Re: RWD 6-bis, 1:72, Plastyk, vintage

PostNapisane: wtorek, 3 maja 2011, 21:21
przez drabik
Jacek - święta racja - pamiętałem, pamiętałem... aż zapomniałem :lol: Chociaż to u mnie powinno być bis/M/SF :mrgreen:

Re: RWD-6 bis, 1:72, Plastyk, vintage

PostNapisane: środa, 4 maja 2011, 07:54
przez ZIO BY NAITT
Na drugim i trzecim zdjęciu od końca wygląda jak podczas przelotu przez bramkę :)

PZDR

Re: RWD-6 bis, 1:72, Plastyk, vintage

PostNapisane: środa, 4 maja 2011, 13:03
przez Aleksander
I niech mi ktoś powie, że sylwetki polskich samolotów nie są piękne! Ten model, choć wypraski "siekierką ciosane", jak widać da się przerobić na coś sympatycznego. Moja uwaga - czy osłona silnika też była czerwona od środka? Trochę mi to nie pasuje!
A co do oznakowania - gdybym ja robił taki model z myślą o sobie i o "moim" samolocie, zrobiłbym rejestrację SP-AMG (czyli SP z moimi, nieco poszerzonymi, inicjałami!) - taki mój pomysł za 3 grosze.

Re: RWD-6 bis, 1:72, Plastyk, vintage

PostNapisane: środa, 4 maja 2011, 17:24
przez Jacek Bzunek
Aleksander napisał(a):A co do oznakowania - gdybym ja robił taki model z myślą o sobie i o "moim" samolocie, zrobiłbym rejestrację SP-AMG (czyli SP z moimi, nieco poszerzonymi, inicjałami!) - taki mój pomysł za 3 grosze.

To może jakiś Spitfire?

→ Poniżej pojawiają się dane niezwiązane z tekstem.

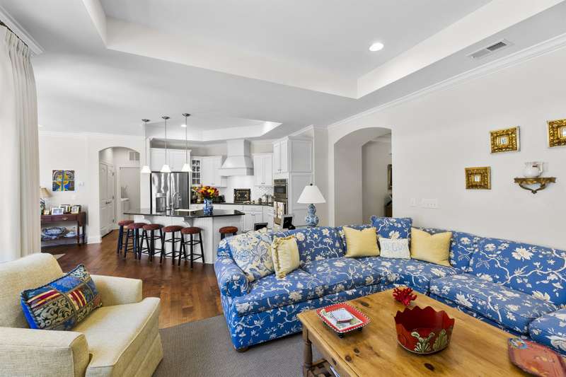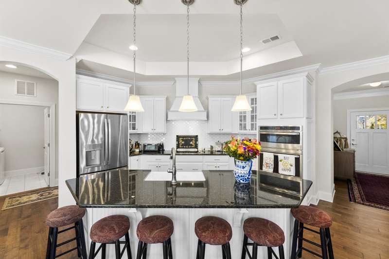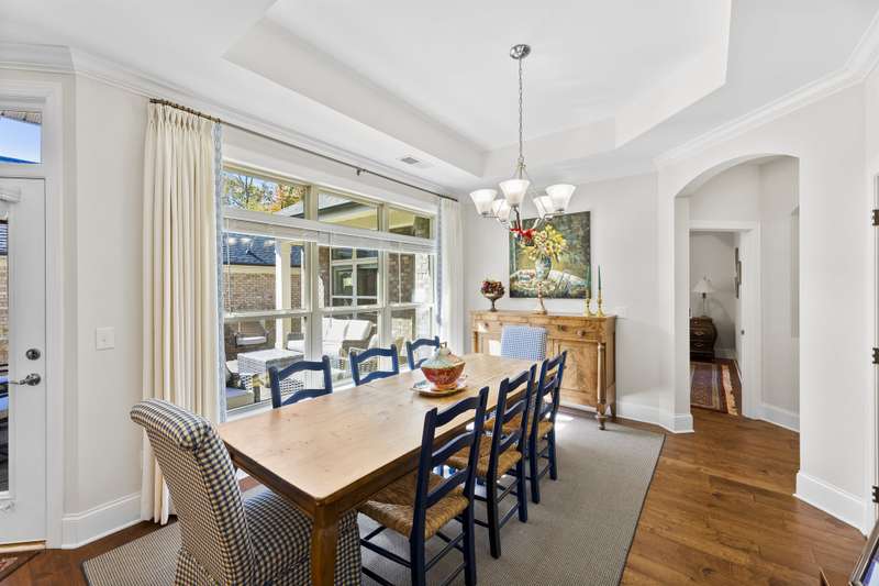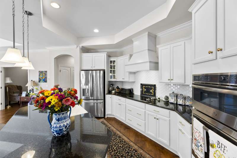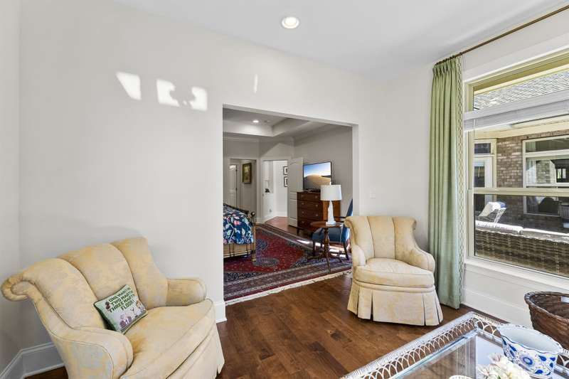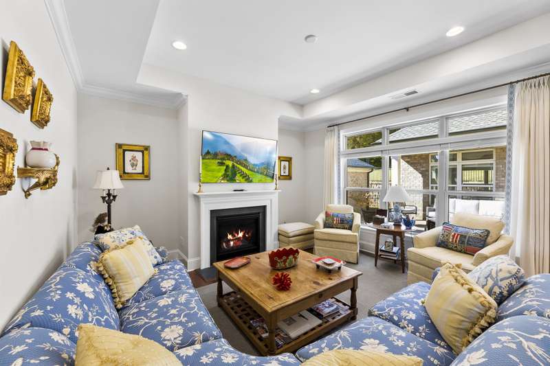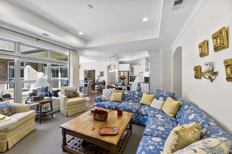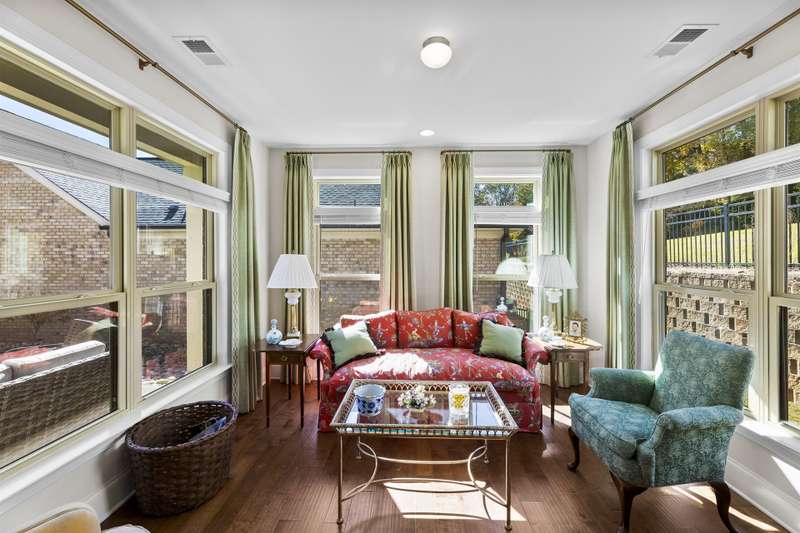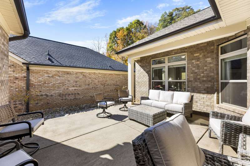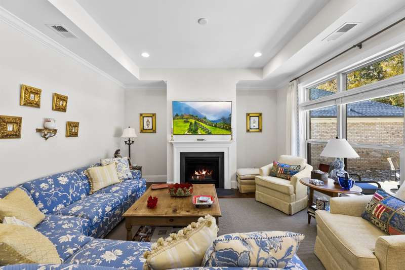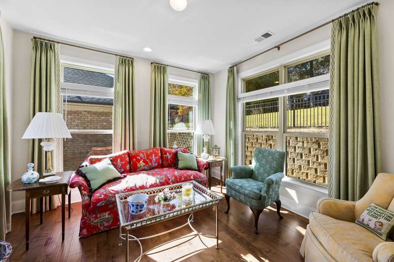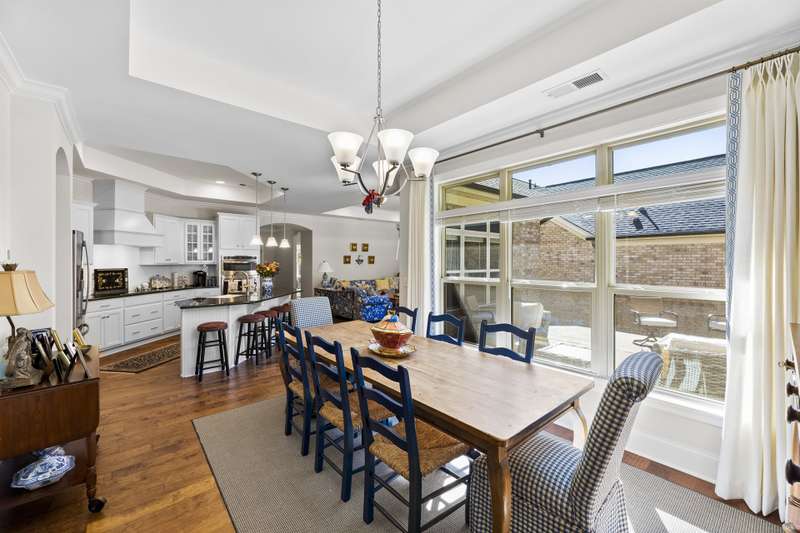 Welcome to peaceful living in one of the area's most popular 55+ neighborhoods! This all-brick beauty offers an inviting open floor plan with soaring ceilings and a warm, comfortable feel throughout. The beautiful open kitchen features a large island with a breakfast bar, perfect for casual dining or entertaining, and flows seamlessly into the spacious dining area.Enjoy cozy evenings by the gas log fireplace in the family room or relax on your private side porch surrounded by quiet charm. The primary suite includes a bright sunroom-style sitting area?perfect for morning coffee or a good book. A flex room off the kitchen can easily serve as a formal dining space, office, or second living area to fit your lifestyle.Here, neighbors become friends, and the community is just the right size?large enough for a vibrant social life yet small enough for easy strolls and close connections.A perfect blend of comfort, convenience, and community?come see why everyone loves living here!

Np. Tamiya ma kalki do A. Malana a tam są jakieś podobne literki.

Re: RWD-6 bis, 1:72, Plastyk, vintage

PostNapisane: środa, 4 maja 2011, 17:43
przez Aleksander
Jacek Bzunek napisał(a):
Aleksander napisał(a):A co do oznakowania - gdybym ja robił taki model z myślą o sobie i o "moim" samolocie, zrobiłbym rejestrację SP-AMG (czyli SP z moimi, nieco poszerzonymi, inicjałami!) - taki mój pomysł za 3 grosze.

To może jakiś Spitfire? Np. Tamiya ma kalki do A. Malana a tam są jakieś podobne literki.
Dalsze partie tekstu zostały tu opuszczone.